=== Work task ===
The data should be written out in full, exactly as it stands, and the pictures dropped.

=== Given information ===

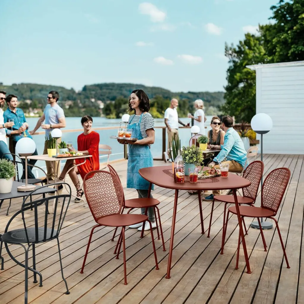 Der Lorette Gartenstuhl wurde von Frederic Sofia für die Marke Fermob entworfen. Mit diesem exquisiten Stuhl zieht der Geist von Ludwig XVI. in Ihren Garten ein. Dessen Medaillon-Stuhl wurde vom Designer auf zeitgenössische Weise neu interpretiert.
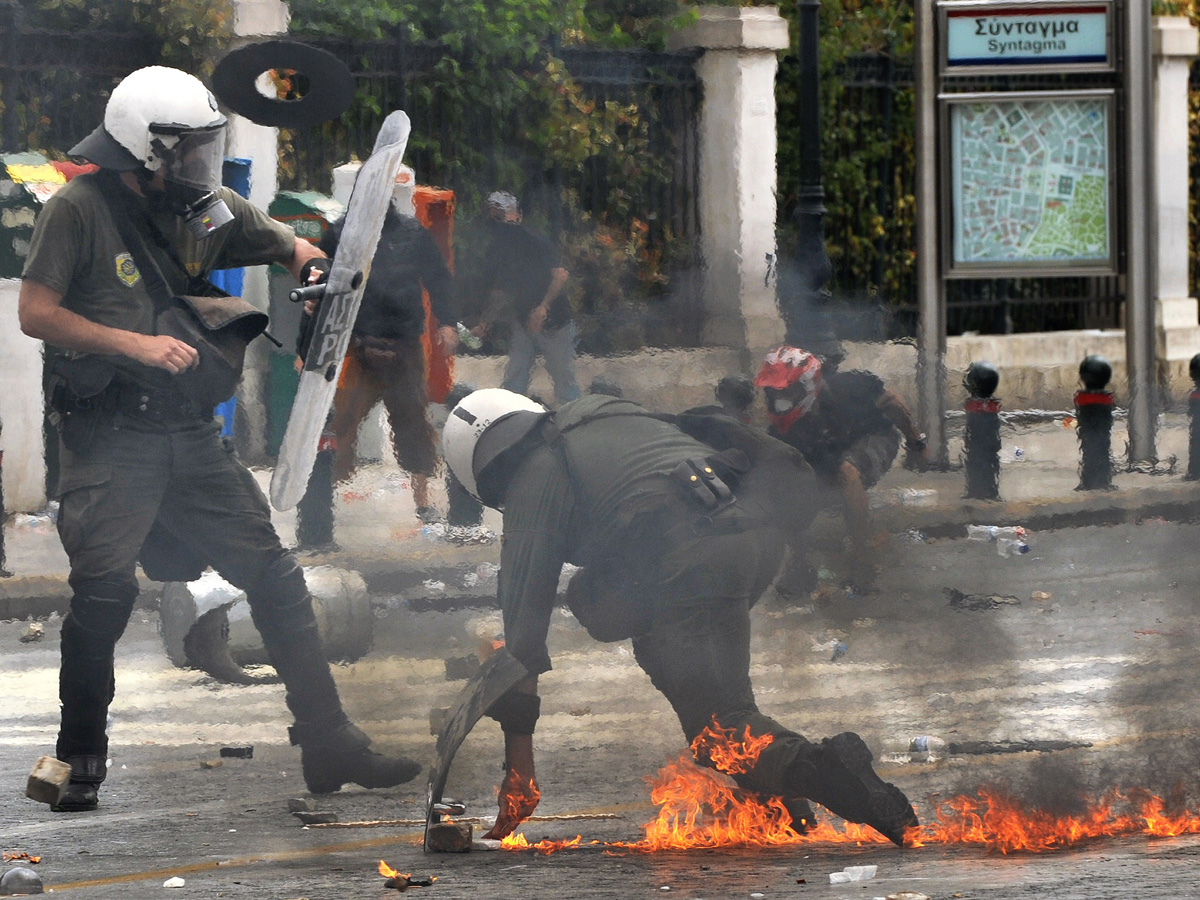 Полицейский в Афинах 5 мая - во время акций протеста против мер экономии Рецессия, бюджетный дефицит, кризис евро, региональный сепаратизм, конец социальной модели государства, возвращение секса в большую политику – главные, по мнению авторов Проекта Европа, темы 2012 года. Впрочем, в конце обсуждения участники Проекта Европа пришли к выводу, что самое важное слово 2012-го – даже не "разочарование", а "переосмысление".
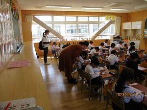 かほく市は、幼小連携の推進に力を入れており「架け橋期」である1年生と年長期の相互参観を実施しています。その一環として5/10にははまなす子ども園、5/11には木津幼稚園の先生方が、1年生の授業を観に来てくださいました。後日、小学校1年の担任も参観に伺う予定です。後日、相互参観を振り返っての意見交換も予定しています。幼・小の相互理解を深め、それぞれの教育活動がさらに充実したものになることを願っています。
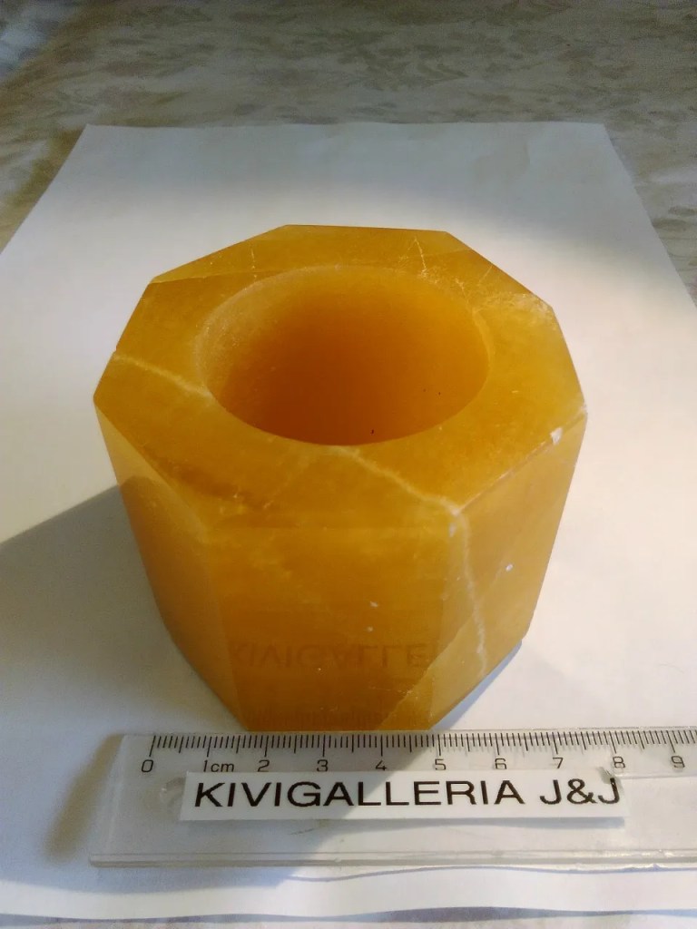 Kahdeksankulmaiseksi hiottu kalsiittituikku, korkeus n. 6cm.

=== Answer ===
 Der Lorette Gartenstuhl wurde von Frederic Sofia für die Marke Fermob entworfen. Mit diesem exquisiten Stuhl zieht der Geist von Ludwig XVI. in Ihren Garten ein. Dessen Medaillon-Stuhl wurde vom Designer auf zeitgenössische Weise neu interpretiert.
 Полицейский в Афинах 5 мая - во время акций протеста против мер экономии Рецессия, бюджетный дефицит, кризис евро, региональный сепаратизм, конец социальной модели государства, возвращение секса в большую политику – главные, по мнению авторов Проекта Европа, темы 2012 года. Впрочем, в конце обсуждения участники Проекта Европа пришли к выводу, что самое важное слово 2012-го – даже не "разочарование", а "переосмысление".
 かほく市は、幼小連携の推進に力を入れており「架け橋期」である1年生と年長期の相互参観を実施しています。その一環として5/10にははまなす子ども園、5/11には木津幼稚園の先生方が、1年生の授業を観に来てくださいました。後日、小学校1年の担任も参観に伺う予定です。後日、相互参観を振り返っての意見交換も予定しています。幼・小の相互理解を深め、それぞれの教育活動がさらに充実したものになることを願っています。
 Kahdeksankulmaiseksi hiottu kalsiittituikku, korkeus n. 6cm.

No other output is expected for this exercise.